4.6. Translational outlook

Acid reflux during seizure must still be verified in human patients. We hope in future work to incorporate esophageal pH recording, a common, safe procedure, with routine monitoring in an epilepsy monitoring unit (EMU) to determine if there is a correlation between patient seizures and acid reflux. If EMU monitoring establishes a relationship between seizure activity and acid reflux then common steps to prevent acid reflux, like proton pump inhibitors, could be tested in human patients in the EMU. Continued EMU monitoring may establish a relationship between acid reflux, seizure, and a case of SUDEP or near-SUDEP, which may justify preventative treatment of acid-reflux for high risk patients.

4.7. Implications for SIDS

The LCR has been proposed to be relevant to SIDS since the 1970’s. SIDS risk decreases sharply around the same time that the LCR is replaced with the breath holding reflex (Heman-Ackah et al., 2009). SIDS and SUDEP share some risk factors like increased prevalence at night and in the prone position, so it is possible that there is a shared mechanism (Devinsky et al., 2016; Heman-Ackah et al., 2009; Kinney and Thach, 2009). If this is eventually proven, then some of these treatment strategies may hold relevance for SIDS.

5. CONCLUSIONS

We expand upon our previous work in this model and provide new insights on potential mechanisms and prevention of acid reflux induced laryngospasm during seizure. We speculate as to a unified SUDEP mechanism to which laryngospasm may contribute. Our work may have some relevance to human SUDEP.

Supplementary Material

1

Video 1: Laryngospasm respiration See attached laryngospasm respiration video

Video Caption: Video showing thermocouple respiration traces for several animals. The top four traces, labelled “KA”, are from animals in which seizures were induced with kainic acid. In these traces, animals, who had previously had acid reflux into the esophagus, experienced sudden obstructive apnea and death. The bottom four traces, labelled “Control”, are subsequent experiments from a single non-seizing animal in which we induced laryngospasm by placing an artificial acid on the larynx. The animal recovered to baseline between experiments, and the traces are presented in this order (i.e. we induced laryngospasm to obtain data shown in trace #5. The animal then recovered, and we induced laryngospasm again to obtain the data shown in trace #6). Times are normalized so that laryngospasm begins at 0 min for all traces. For animals that died from the laryngospasm, the last observable breath is marked as “Terminal apnea.” Perturbations in the signal after this time are not animal respiration, and may be the heart rate coupling onto respiration, movement as we moved the animal to remove the stomach after death, or noise from recording open air. Y-axis units are arbitrary. This respiration data was down-sampled by 8x to accommodate the smooth plotting of so much data (functional sample frequency = 156 Hz).

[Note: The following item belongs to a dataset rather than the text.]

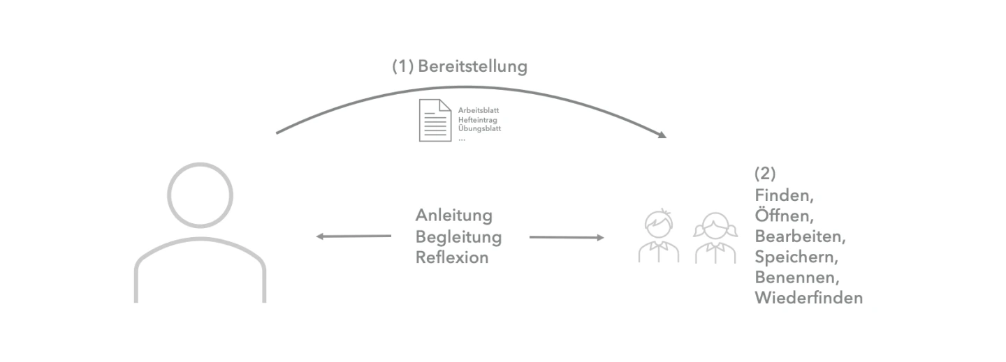 Wenn es keine einheitlichen Vorgaben von der Schule gibt, ist es sinnvoll, seine Erwartungen an die Lernenden bezüglich des Workflows sowohl den Lernenden als auch den Erziehungsberechtigten mitzuteilen und zum Beispiel in Form von entsprechenden Hausaufgaben zu üben. Ein Schulungskonzept erleichtert den Einstieg, die Nutzung sollte aber nach wie vor angeleitet werden, insbesondere, wenn jede Lehrkraft eigene Strukturen verwendet.

Download video file (134.5MB, mp4)
2

Video 2: Larynx stim video See attached larynx stimulation video

Video Caption: Video showing laryngeal stimulation opening the larynx during laryngospasm. In this video we placed 0.1 mL of simulated stomach acid on the larynx of a non-seizing animal to induce laryngospasm, closing the larynx immediately. We then apply electrical stimulation, which opens the larynx immediately. When electrical stimulation is stopped, the larynx closes immediately again. This stimulation is repeated until the animal begins to recover from laryngospasm.

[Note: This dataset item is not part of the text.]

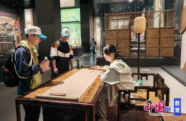 步入竹文化博物馆牛顺网,仿佛穿越进一部“竹的立体史诗”。在“竹韵千秋颂”展厅内,同学们跟随讲解员的脚步一起探秘竹史,了解竹用万千,体验竹间雅趣,感悟竹里风骨,在古色古香的展厅里品味竹韵悠长。更值得一提的是,展厅还融合了现代AI技术,一根根话筒勾连起同学们与古人语音对话的桥梁,同学们俯身低语、就有古人随声应答,令人兴味盎然。

Download video file (275MB, mp4)
3
4
5
6
7
8
Download video file (46.3MB, mp4)

Highlights:

  • Animals in the acute KA model have more liquid in their stomach

  • The gastric nerve is necessary for acid overproduction, reflux, and sudden death

  • Seizing animals die more easily from laryngospasm than non-seizing animals

6. ACKNOWLEDGEMENTS

We would like to thank Dr Rosén for introducing us to the breath holding reflex and laryngeal chemoreflex. We would also like to thank Dr. Ben Gaston and his team at Rainbow Babies Children’s Hospital for meeting with us to discuss potential mechanisms and clinical translation.

Finally, we would like to thank Dr. Thelma Lovick for her continued advice and support. This research was supported by NIH SPARC (award number OD023847).

Footnotes

Publisher's Disclaimer: This is a PDF file of an unedited manuscript that has been accepted for publication. As a service to our customers we are providing this early version of the manuscript. The manuscript will undergo copyediting, typesetting, and review of the resulting proof before it is published in its final form. Please note that during the production process errors may be discovered which could affect the content, and all legal disclaimers that apply to the journal pertain.

7

Disclosure of conflicts of interest

The authors have no conflicts of interest to report.

9 References

  1. Barnard GA, 1945. A New Test for 2 × 2 Tables. Nature 156, 177. [Google Scholar]
  2. Berg A, 2001. Mortality in Epilepsy. Epilepsy Currents 1, 28–28. [DOI] [PMC free article] [PubMed] [Google Scholar]
  3. Buchhalter J, So EL, Hesdorffer DC, Berg AT, Kanner AM, Mintzer S, Hirsch LJ, Nashef L, Donner EJ, Bateman LM, Tomson T, Devinsky O, Pollanen M, Goldman A, Richerson G, Faingold CL, Buchanan GF, Panelli R, Noebels J, Vatta M, 2013. Partners Against Mortality in Epilepsy Conference Summary. Epilepsy Currents 13, 5–21. [Google Scholar]
  4. Budde RB, Arafat MA, Pederson DJ, Lovick TA, Jefferys JGR, Irazoqui PP, 2018. Acid reflux induced laryngospasm as a potential mechanism of sudden death in epilepsy. Epilepsy Research 148, 23–31. [DOI] [PMC free article] [PubMed] [Google Scholar]
  5. Clement EA, Richard A, Thwaites M, Ailon J, Peters S, Dickson CT, 2008. Cyclic and Sleep-Like Spontaneous Alternations of Brain State Under Urethane Anaesthesia. PLoS ONE 3, e2004. [DOI] [PMC free article] [PubMed] [Google Scholar]
  6. Crosby ND, Janik JJ, Grill WM, 2017. Modulation of activity and conduction in single dorsal column axons by kilohertz-frequency spinal cord stimulation. Journal of Neurophysiology 117, 136–147. [DOI] [PMC free article] [PubMed] [Google Scholar]
  7. Davies AM, Koenig JS, Thach BT, 1988. Upper airway chemoreflex responses to saline and water in preterm infants. Journal of Applied Physiology 64, 1412–1420. [DOI] [PubMed] [Google Scholar]
  8. Debas HT, Carvajal SH, 1994. Vagal regulation of acid secretion and gastrin release. The Yale Journal of Biology and Medicine 67, 145–151. [PMC free article] [PubMed] [Google Scholar]
  9. Devinsky O, 2004. Effects of Seizures on Autonomic and Cardiovascular Function. Epilepsy Currents 4, 43–46. [DOI] [PMC free article] [PubMed] [Google Scholar]
  10. Devinsky O, 2011. Sudden, Unexpected Death in Epilepsy. New England Journal of Medicine 365, 1801–1811. [DOI] [PubMed] [Google Scholar]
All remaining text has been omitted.